# Dataset content
————————
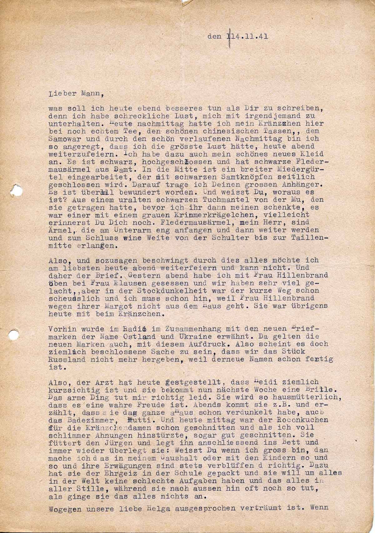 Charlotte Endemann an ihren Mann Harald, 14. November 1941
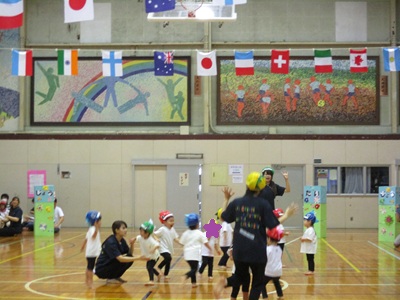 ひよこ組、こあら組は保護者の方と一緒に障害物競争と体操を楽しみました。
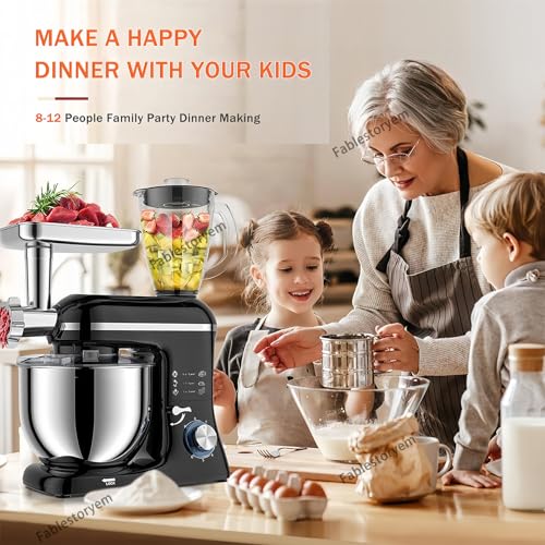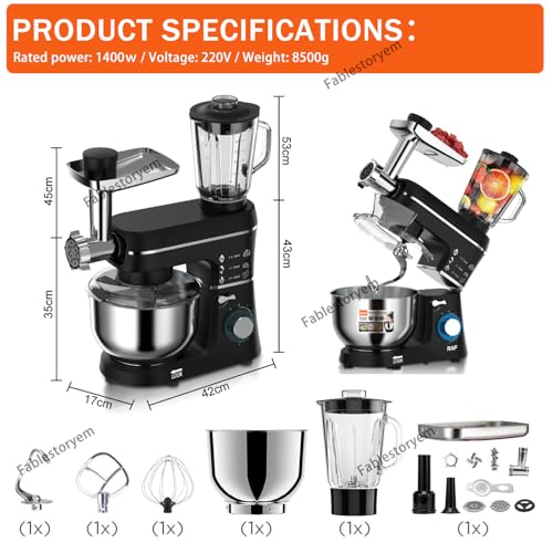 - Versatile 5-in-1 Kitchen Machine: Combines a stand mixer, meat grinder, and juicer into one powerful unit. Features a 10L large capacity stainless steel bowl and a 1.5L glass cup, designed for efficient mixing, blending, and grinding. Ideal for making cakes, bread, cookies, smoothies, and more.
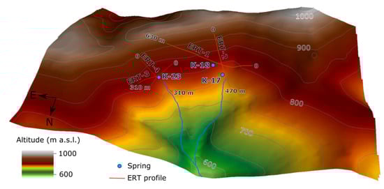 Surveys were conducted using the Wenner–Schlumberger array and the Wenner array (ERT-3 and ERT-4) at a frequency of 1.8 Hz and a maximum phase of 20° between the voltage signal and the current signal. Figure 2 shows positions of four profiles and positions of springs. The first profile (ERT-1) was measured with 64 steel electrodes; the length of the profile was 630 m, with an exploration depth of about 100 m. Profile ERT-2 was measured with 48 electrodes; the length of the profile was 470 m, with an exploration depth of about 75 m. Profile ERT-3 and ERT-4 were measured with 32 electrodes; the lengths of the profiles were both 310 m, with an exploration depth of about 50 m.
————————
# What you will do
Your answer must be an exact copy of the lines from the one with "- Versatile 5-in-1" through the final line of the data, both included, without any pictures.

# Answer for the task
 - Versatile 5-in-1 Kitchen Machine: Combines a stand mixer, meat grinder, and juicer into one powerful unit. Features a 10L large capacity stainless steel bowl and a 1.5L glass cup, designed for efficient mixing, blending, and grinding. Ideal for making cakes, bread, cookies, smoothies, and more.
 Surveys were conducted using the Wenner–Schlumberger array and the Wenner array (ERT-3 and ERT-4) at a frequency of 1.8 Hz and a maximum phase of 20° between the voltage signal and the current signal. Figure 2 shows positions of four profiles and positions of springs. The first profile (ERT-1) was measured with 64 steel electrodes; the length of the profile was 630 m, with an exploration depth of about 100 m. Profile ERT-2 was measured with 48 electrodes; the length of the profile was 470 m, with an exploration depth of about 75 m. Profile ERT-3 and ERT-4 were measured with 32 electrodes; the lengths of the profiles were both 310 m, with an exploration depth of about 50 m.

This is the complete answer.